Aw, man... can't we get some help here? ;) :)
 
Do what you wish, ranger335v. The chances are very good that you could go several lifetimes with an ammo case full of primers and never experience a single kaboom. However, God forbid, what if you happen to have a fire? You now have a considerably powerful bomb awaiting the Fire Dept. I do know for a fact that some Fire Departments will not enter a building if they know it contains a large supply of powder or ammo. If they somehow determine that you have the case full of primers, your house may just burn to ground without their assistance. Yes, I'm serious.

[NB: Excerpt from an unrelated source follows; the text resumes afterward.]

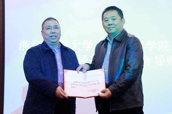 紧接着,院长董进才、党委书记黄卫华共同为宁波水星环保科技有限公司、宁波日盈食品有限公司,分别授予“香蕉视频 工商香蕉视频 (MBA学院)实践教育基地”牌匾,并宣布实践教育基地的建立。而后,党委书记黄卫华为宁波关键点品牌策划有限公司首席咨询师黄江伟颁发“职业经理人”社会导师聘任仪式。
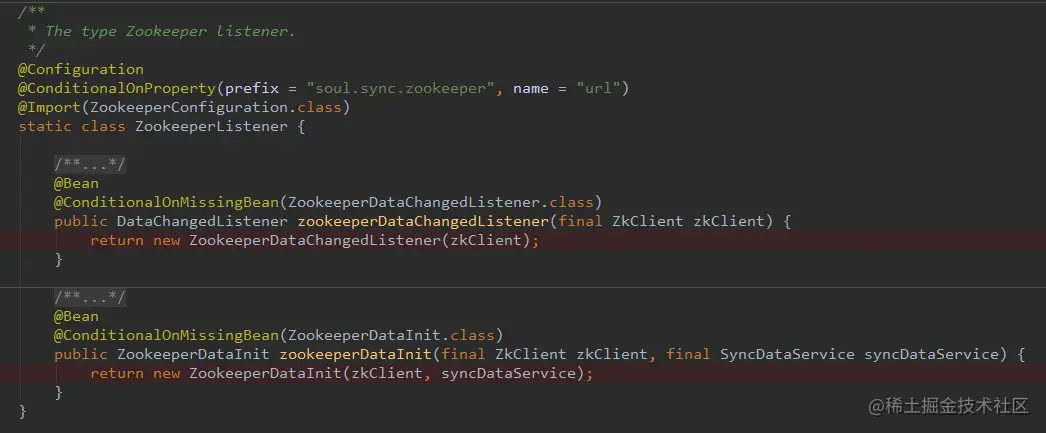 soul-bootstrap 启动时,会去加载类 ZookeeperSyncDataConfiguration ,它会新建一个 ZookeeperSyncDataService 实例。

You might want to go down to your water heater and remove that pressure release valve as well. After all, your water heater has never built up pressure in the past.

However, neither practice is something that any of us should recommend to our fellow members.
 
Mal H said:
You might want to go down to your water heater and remove that pressure release valve as well. After all, your water heater has never built up pressure in the past.

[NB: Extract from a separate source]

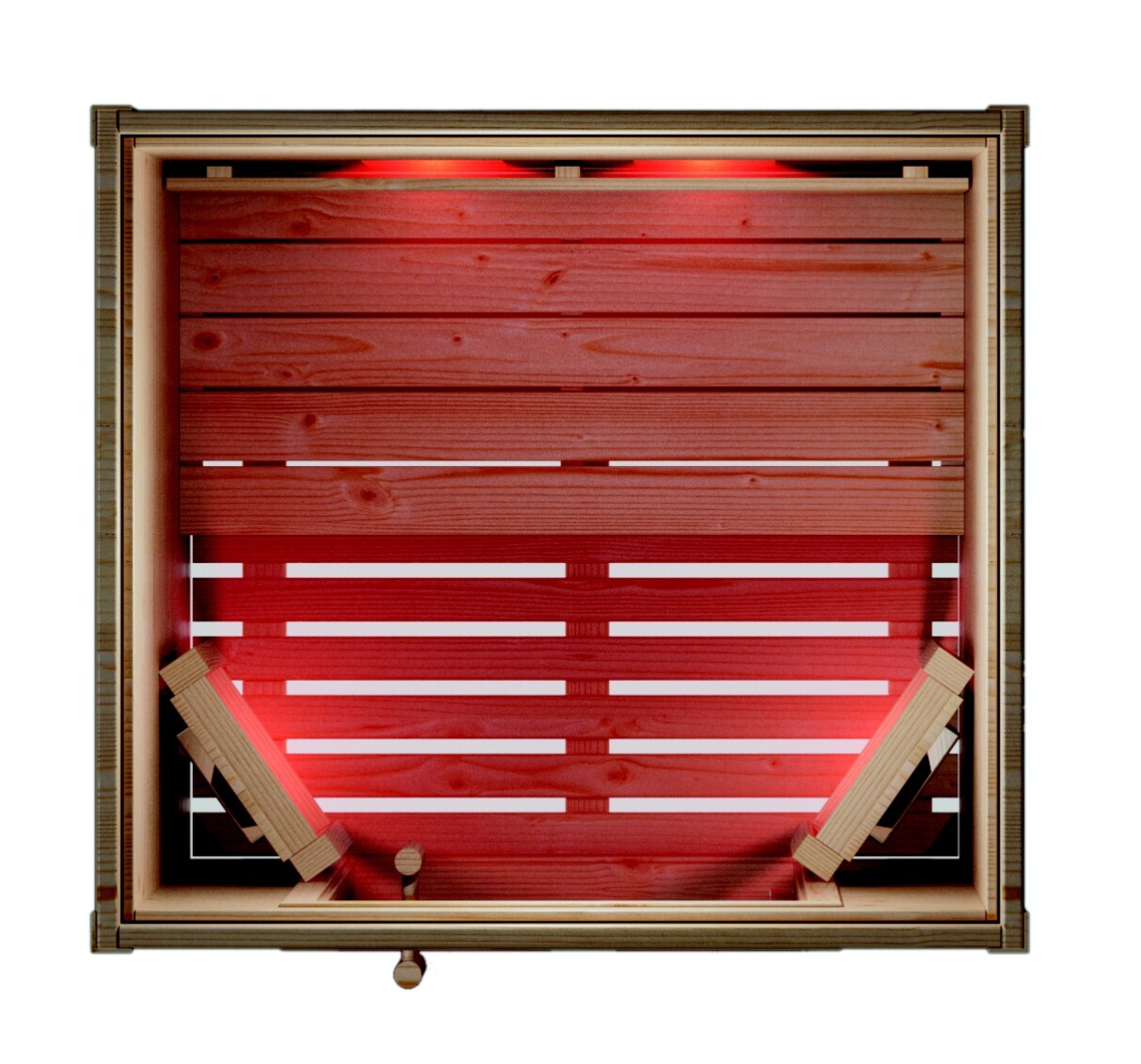 - 5x grzejnik magnezowy (2x z tyłu, 1x z przodu po lewej, 1x z przodu po prawej, 1x pod ławką) z bardzo dużymi lustrami parabolicznymi w celu maksymalizacji wydajności i idealnego ukierunkowania promieniowania podczerwonego typu IR-C

One of my favorite Myth Busters episode involved a water heater and a "sabotaged" pressure relief valve ... it was impressive to say the least!! :what:


USSR said:
Open door, place primers on shelf, close door.

:D Too funny!!
 
My primers are stored in Army ammo cans with dessicant. I sometimes reload several obsolete calibers for which primers are no longer comercially available. Some of my primers are 70-90 years old and they still go bang.

Yep, I know that primers can go bang in a fire. That is why most of mine are in a bunker.
 
Speer also says that the factory boxes are designed to prevent a chain fire. So if I'm keeping the factory boxes in an ammo box, why is that suddenly so horrible?

Military ammo boxes are ALREADY used to store extremely high octane cannon rounds--way beyond the realm of primers. In a detonation they will throw their lids open before they send a bunch of shrapnel around. They're designed that way.

I do know for a fact that some Fire Departments will not enter a building if they know it contains a large supply of powder or ammo. If they somehow determine that you have the case full of primers

So by that logic I can't have powder in the house either. Not terribly helpful.
 
Mine are just stored on a shelf above my reloading bench. The shelf is cupped so that can't come off the edge, and is a top loading shelf.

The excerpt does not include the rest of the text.